Energy & Force Regression on DFT Trajectories is Not Enough for Universal Machine Learning Interatomic Potentials
Santiago Miret, Kin Long Kelvin Lee, Carmelo Gonzales, Sajid Mannan, N. M. Anoop Krishnan
TL;DR
This work argues that regressing energies and forces on DFT trajectories is insufficient for universal interatomic potentials intended for device-scale simulations. It outlines three pillars: (i) higher-accuracy training data such as CCSD(T) to replace or augment DFT labels, (ii) MLIP metrology combining large-scale benchmarking, visualization of energy landscapes, and interpretability analyses, and (iii) computationally efficient inference workflows suitable for MD at large scales. The authors detail limitations of DFT, data sparsity across materials, and the need to align simulations with experimental observables, advocating open-source data generation and differentiable simulation tooling. They conclude with a call for hardware-software co-design and data-centric MLIP development to realize quantum-accurate, device-scale predictions in real-world materials systems.
Abstract
Universal Machine Learning Interactomic Potentials (MLIPs) enable accelerated simulations for materials discovery. However, current research efforts fail to impactfully utilize MLIPs due to: 1. Overreliance on Density Functional Theory (DFT) for MLIP training data creation; 2. MLIPs' inability to reliably and accurately perform large-scale molecular dynamics (MD) simulations for diverse materials; 3. Limited understanding of MLIPs' underlying capabilities.
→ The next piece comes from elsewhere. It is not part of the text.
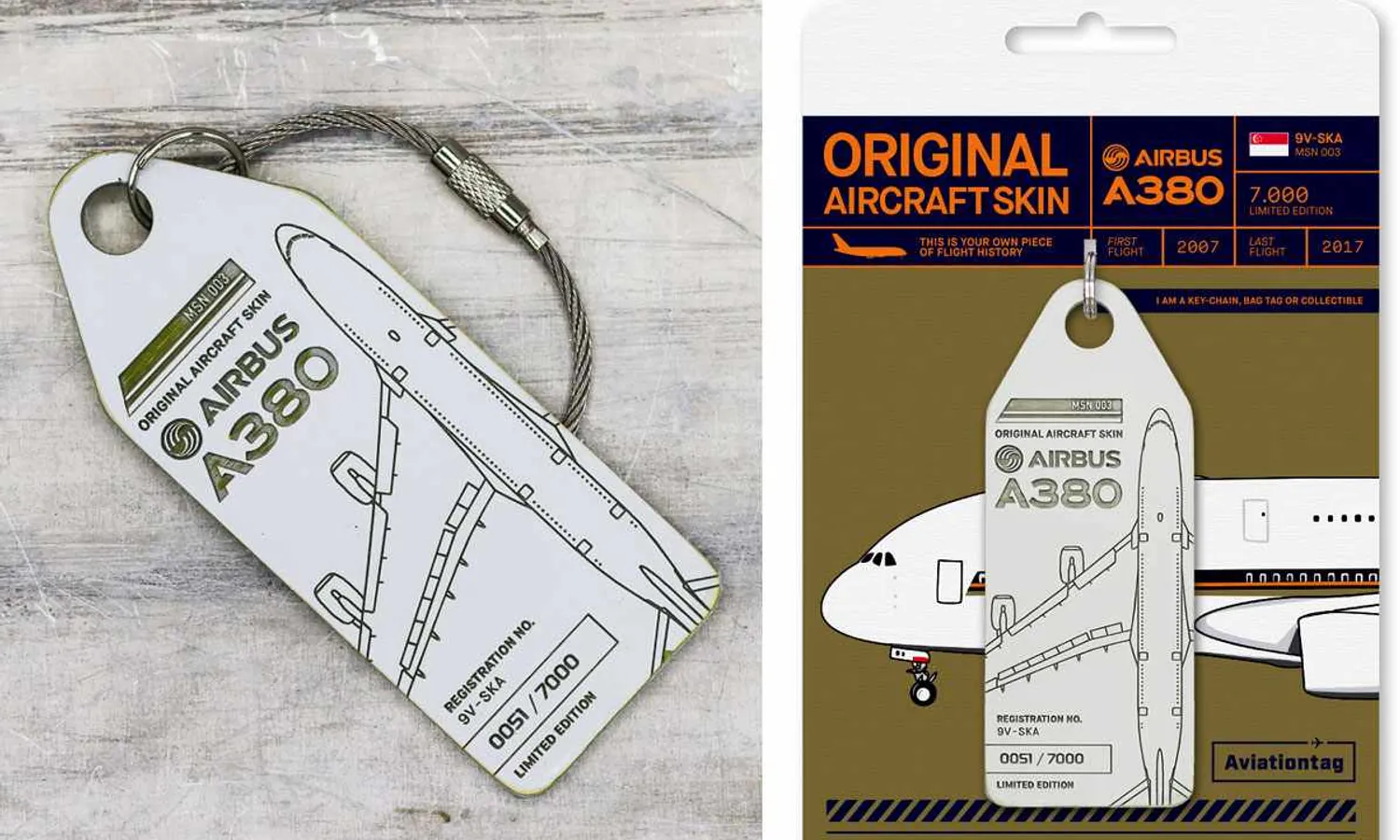 Specializing in metallic luggage tags with an aviation theme, the company Aviationtag had its limited edition manufactured with parts of the fuselage of the first deactivated A380 sold out in less than 48 hours.

To address these shortcomings, we aargue that MLIP research efforts should prioritize: 1. Employing more accurate simulation methods for large-scale MLIP training data creation (e.g. Coupled Cluster Theory) that cover a wide range of materials design spaces; 2. Creating MLIP metrology tools that leverage large-scale benchmarking, visualization, and interpretability analyses to provide a deeper understanding of MLIPs' inner workings; 3. Developing computationally efficient MLIPs to execute MD simulations that accurately model a broad set of materials properties. Together, these interdisciplinary research directions can help further the real-world application of MLIPs to accurately model complex materials at device scale.